Thanks for the idea. I experimented with this and I was able to shave a bit of execution time off my previous version. I am about to submit another patch to address your comments. Thanks for taking a look!
--
Jonathan Swinney
On 6/21/22, 2:40 PM, "ffmpeg-devel on behalf of Martin Storsjö" <ffmpeg-devel-bounces at ffmpeg.org on behalf of martin at martin.st> wrote:
CAUTION: This email originated from outside of the organization. Do not click links or open attachments unless you can confirm the sender and know the content is safe.

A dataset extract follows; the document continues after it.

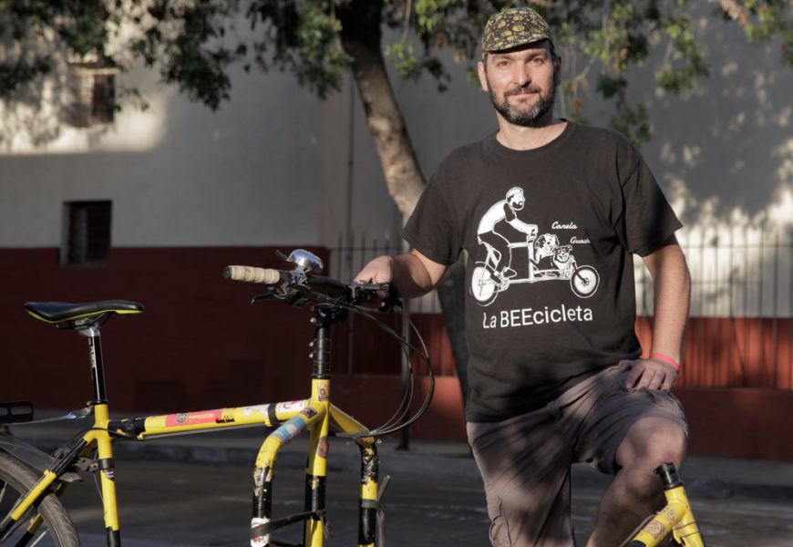 Gonzalo Díaz de la Carrera es ciclista y fundador de La Beecicleta, emprendimiento que se moviliza por Santiago en una cargo bike repartiendo y ofreciendo miel en distintos formatos. La iniciativa fue de su padre, y desde hace 5 años que ambos se aventuraron sin saber mucho, pero con la motivación de aprender y capacitarse sobre la apicultura.

On Sat, 18 Jun 2022, Swinney, Jonathan wrote:
> - ff_pix_abs16_neon
> - ff_pix_abs16_xy2_neon
>
> In direct micro benchmarks of these ff functions verses their C implementations,
> these functions performed as follows on AWS Graviton 3.
>
> ff_pix_abs16_neon:
> pix_abs_0_0_c: 135.3
> pix_abs_0_0_neon: 22.0
>
> ff_pix_abs16_xy2_neon:
> pix_abs_0_3_c: 264.5
> pix_abs_0_3_neon: 46.8
>
> Tested with:
> ```
> ./tests/checkasm/checkasm --test=motion --bench
> ```
>
> Signed-off-by: Jonathan Swinney <jswinney at amazon.com>
> ---
> libavcodec/aarch64/Makefile | 2 +
> libavcodec/aarch64/me_cmp_init_aarch64.c | 39 +++++
> libavcodec/aarch64/me_cmp_neon.S | 209 +++++++++++++++++++++++
> libavcodec/me_cmp.c | 4 +-
> libavcodec/me_cmp.h | 1 +
> tests/checkasm/Makefile | 1 +
> tests/checkasm/checkasm.c | 3 +
> tests/checkasm/checkasm.h | 1 +
> tests/checkasm/motion.c | 144 ++++++++++++++++
> tests/fate/checkasm.mak | 1 +
> 10 files changed, 404 insertions(+), 1 deletion(-)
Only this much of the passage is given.